There he was, all 250 pounds of middle class wealth. Shark and Blowfish had spotted their next prey. He was white, with a receding hair line that he tried to cover up with a combover. He was wearing a loose fitting white button-up shirt that barely covered his protruding stomach, and his khaki pants barely hung on to his hips. Shark spotted the bulge of his wallet in his unbuttoned back pocket. Shark’s mouth watered, butterflies danced in his stomach, and his senses were heightened. The street was filled with laughing and near naked carnival women gyrating to the beat of Hispanic music. The smell of alcohol hung low in the air. It was a hurricane of senses swirling around everyone, but it was just a faded background to Shark. It was just him, the pocket bulge and the sweaty blowfish.

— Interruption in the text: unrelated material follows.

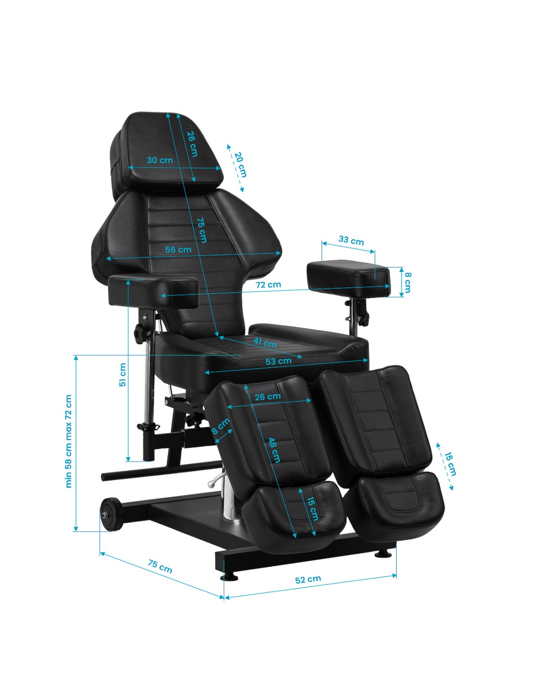 Il design minimalista e la combinazione di colori classici rendono la poltrona ideale per l'estetica degli studi di tatuaggi, migliorando al contempo l'efficienza del lavoro. La sagomatura ergonomica e la schiuma resistente alla deformazione assicurano una posizione confortevole durante la seduta sia per il tatuato che per l'artista. Il rivestimento in pelle sintetica di alta qualità nei toni del nero e la base stabile garantiscono durata, comfort d'uso e facilità di manutenzione. Il design funzionale della poltrona offre un'ampia gamma di possibilità di regolazione, che si traduce in un elevato comfort. Inoltre, le ruote situate in una parte della base ne facilitano lo spostamento.

Blowfish went up to the white man and started speaking quickly in Spanish. The man turned to the boy, spilling a bit of his drink onto the hot concrete. The white man still had his arms raised and was still swaying to the hypnotic beat.

“What . . . what are you saying?” the man stammered.

Blowfish, trying hard not to laugh, kept up with the Spanish banter. Shark went in for the kill. Easily, like he was born to do this, Shark slipped out the wallet. He was about to walk away when something caught his eye. Another bulge, this one in the front pocket. Just as easily, Shark slipped his hand in the pocket and pulled out a gleaming dagger-like knife . . . and walked away.

Shark simply walked away, no emotion showing. Blowfish ran. Blowfish were different from sharks. They have feelings like nervousness or fear. Sharks do not—even when they are only ten years old.

Present Day

“Shark,” Hector said. The sound of the name seemed so appropriate for Antonio. “We’re set up for the latest shipment. It’s coming in a few days.”

Black market diamonds were Shark’s favorite business. It seemed so clean, unlike his drug business. He loved to put the diamonds in his hands and let them fall between his fingers. They were so beautiful, so precious and so profitable. Shark didn’t care that he was responsible for helping sponsor war in countries like the Republic of Congo, Liberia, or the Ivory Coast. He knew diamonds persisted as a major black market commodity at the cost of thousands of lives in part because conflict diamonds can be easily smuggled across African borders with forged certificates.

He’d made many trips to places like Liberia and Angola to trade weapons for diamonds. Trading weapons for diamonds was like trading water for gold. Shark had a near endless supply of guns. Whatever the warlords wanted, Shark had. The warlords respected Shark. He was a good customer. His weapons were top-notch.

The upcoming shipment was especially close to Shark’s heart. It was to be his largest load of diamonds yet, worth millions. This would make Shark one of the wealthiest, most powerful men in America. This shipment alone would supply the rebels in Liberia with months of resources to fight their rebellion. It was the largest load of diamonds that Shark had imported, and it would come into the country right under the government’s nose.